Showing posts with label strength. Show all posts
Showing posts with label strength. Show all posts

Thursday, May 13, 2010

May 13 ... Pride and Joy

So middle daughter had a bit of a drama yesterday. Today is the first day of a three week intensive work schedule. She was not expecting any hiccups in the plan - and couldn't really afford one - and of course that being the case, there was one. The issue revolves around parenting support and care for my grandson. So last night as we chatted I tried to soothe her, reminded her of all the obstacles she has already overcome, pointed out her strengths, told her we were there for her.

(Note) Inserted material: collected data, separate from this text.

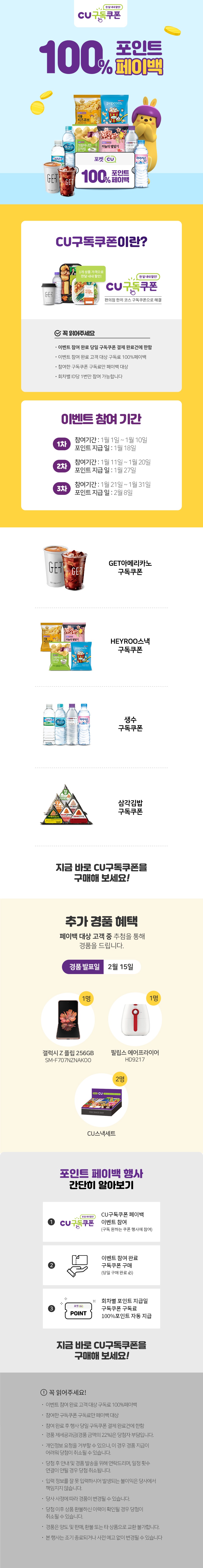 GS 나만의 냉장고 서비스처럼 포켓 CU키핑 쿠폰 사용이 가능하게 되었습니다. 증정품 소화가 힘들 때 키핑 하여 사용하시면 될 듯합니다. 그리고 CU도 구독 프로그램을 진행합니다. 커피, 생수, 스낵, 삼각 김밥을 선택하여 1달 내내 할인된 금액으로 제공받는 구독 서비스입니다. 론칭 기념으로 첫 달 포인트가 페이백 되니 그 점 참조하시기 바랍니다.
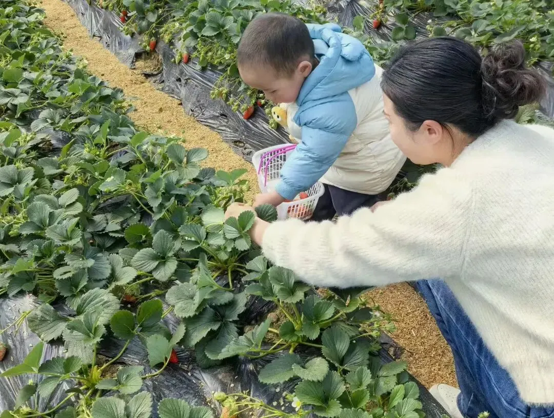 在旱坝大田园,“亲子+体验”模式深受家庭游客喜爱。草莓采摘园里热闹非凡,儿童游乐园、萌宠乐园前排起长队,无动力游乐设施、萌宠互动体验等项目,让孩子们尽情游玩,也带动了假日消费持续升温。
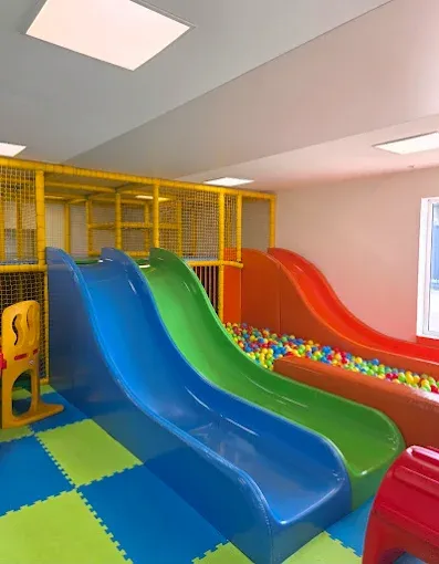 Sala zabaw o powierzchni ponad 1000 m2 z labiryntami, zjeżdżalniami, basenami z kulkami i boiskami sportowymi.
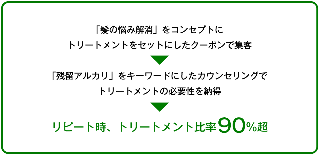 「髪の悩み解消」をコンセプトに、トリートメントをセットにしたクーポンで集客
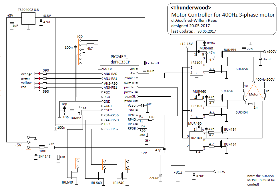 19.05.2017: One of the power MOSFETS in the stormwind motor went to heaven...Repair or redesign the circuit? Looks like a redesign using a PIC 24F motor controllers would be the best repair. This was the old circuitry:![]()
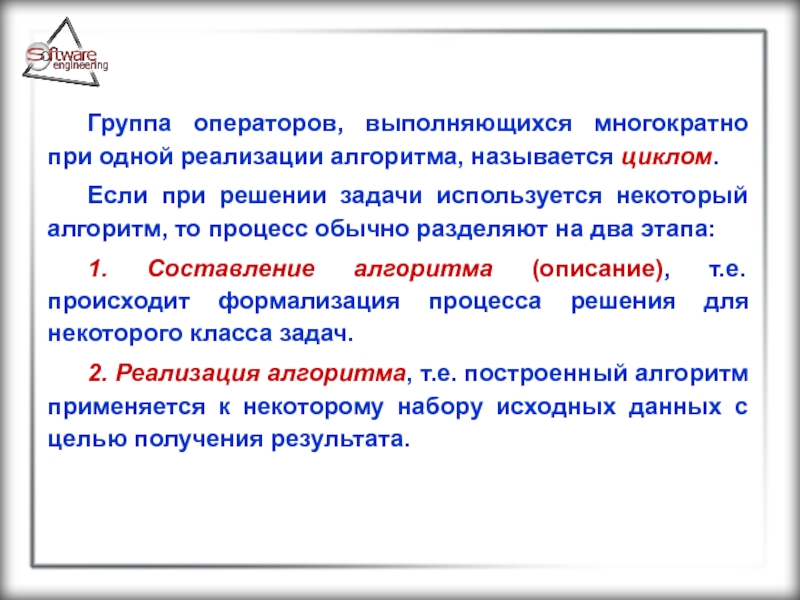 Слайд 10 Группа операторов, выполняющихся многократно при одной реализации алгоритма, называется циклом.
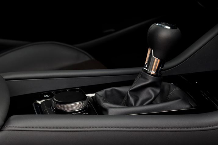 MAZDA3の試乗車は6速MTであったが、走り始めようとシフトをローに入れただけで「ほぉ」と思った。シフトレバーの動きや感触が、しっかりと作り込まれていて心に響くのだ。そして、駐車場からスロープを上がり、まだ一般道にも出ていないのに「なんだ、このなんともいえない気持ちよさと滑らかさは!」と、口に出してしまった。筆者は、試乗時には動画撮影でカメラを回していることが多いので、ついそんなふうに口にしたのだ。
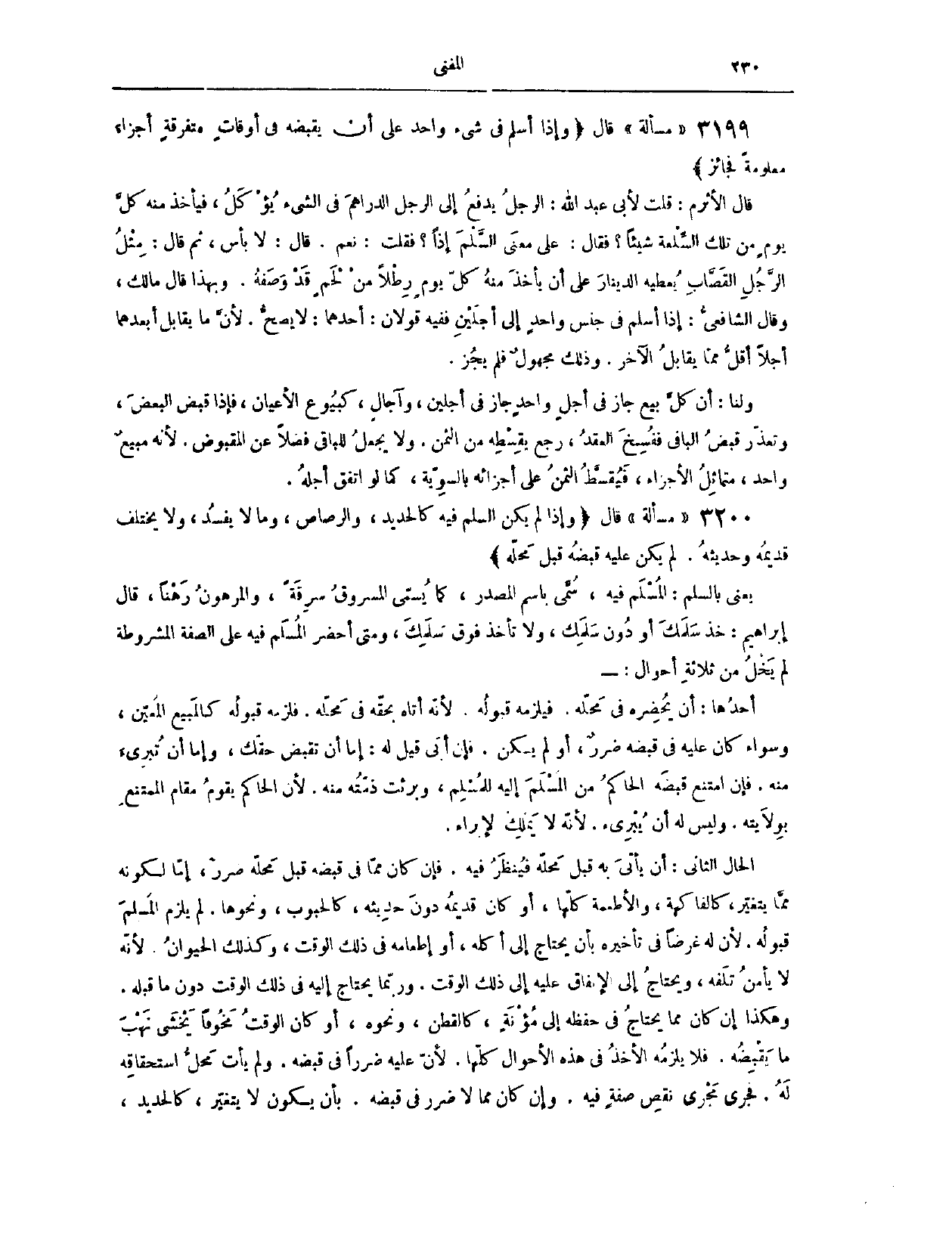 (٣٢٤١) مَسْأَلَةٌ؛ قَالَ: (وَإِذَا أَسْلَمَ فِي شَيْءٍ وَاحِدٍ، عَلَى أَنْ يَقْبِضَهُ فِي أَوْقَاتٍ مُتَفَرِّقَةٍ أَجْزَاءً مَعْلُومَةً، فَجَائِزٌ) قَالَ الْأَثْرَمُ: قُلْت لِأَبِي عَبْدِ اللَّهِ: الرَّجُلُ يَدْفَعُ إلَى الرَّجُلِ الدَّرَاهِمَ فِي الشَّيْءِ يُؤْكَلُ، فَيَأْخُذُ مِنْهُ كُلَّ يَوْمٍ مِنْ تِلْكَ السِّلْعَةِ شَيْئًا؟ فَقَالَ: عَلَى مَعْنَى السَّلَمِ إذًا؟ فَقُلْت: نَعَمْ. قَالَ: لَا بَأْسَ. ثُمَّ قَالَ: مِثْلُ الرَّجُلِ الْقَصَّابِ، يُعْطِيه الدِّينَارَ عَلَى أَنْ يَأْخُذَ مِنْهُ كُلَّ يَوْمٍ رِطْلًا مِنْ لَحْمٍ قَدْ وَصَفَهُ. وَبِهَذَا قَالَ مَالِكٌ. وَقَالَ الشَّافِعِيُّ: إذَا أَسْلَمَ فِي جِنْسٍ وَاحِدٍ إلَى أَجَلَيْنِ، فَفِيهِ قَوْلَانِ: أَحَدُهُمَا: لَا يَصِحُّ؛ لِأَنَّ مَا يُقَابِلُ أَبْعَدَهُمَا أَجَلًا أَقَلُّ مِمَّا يُقَابِلُ الْآخَرَ، وَذَلِكَ مَجْهُولٌ، فَلَمْ يَجُزْ.

Later in the evening, after speaking to Honey, I decided that if need be I would drive up to Levis this weekend to be of whatever help I could. I then wrote a note to middle daughter explaining - that if she wanted it, I would be more than happy to come up this weekend rather than next (which has been planned for some time) - and to pitch in. I offered this not from a place of anything other than love and support, and a true belief in her capacity to deal with the situation. I feel that she is working so hard, and doing so well, that this unexpected hiccup shouldn't have to be a hardship on her. I want her feeling supported and strong.

So this morning I hear from her. And my wonderful daughter said, while she would so very much love to have me there, it was going to be fine with out me. She wrote, "I have to learn how to trust those around me sometime don't I? I have to show myself I can do this on my own Mom. I have to step up now and take care of things."

My daughter is showing such maturity, responsibility, poise, and intelligence... I am so very proud of her. It is such an absolutely wonderful feeling to hear thanks mom, but I can handle this one. Of course you can daughter, of course you can. I adore you.

Friday, March 12, 2010

March 12.... lessons

This has been a tough week. I'm glad it's Friday. I'm glad I'm home with Honey, we're having a quiet little dinner, glass of wine, Johnny Cash, it's all good.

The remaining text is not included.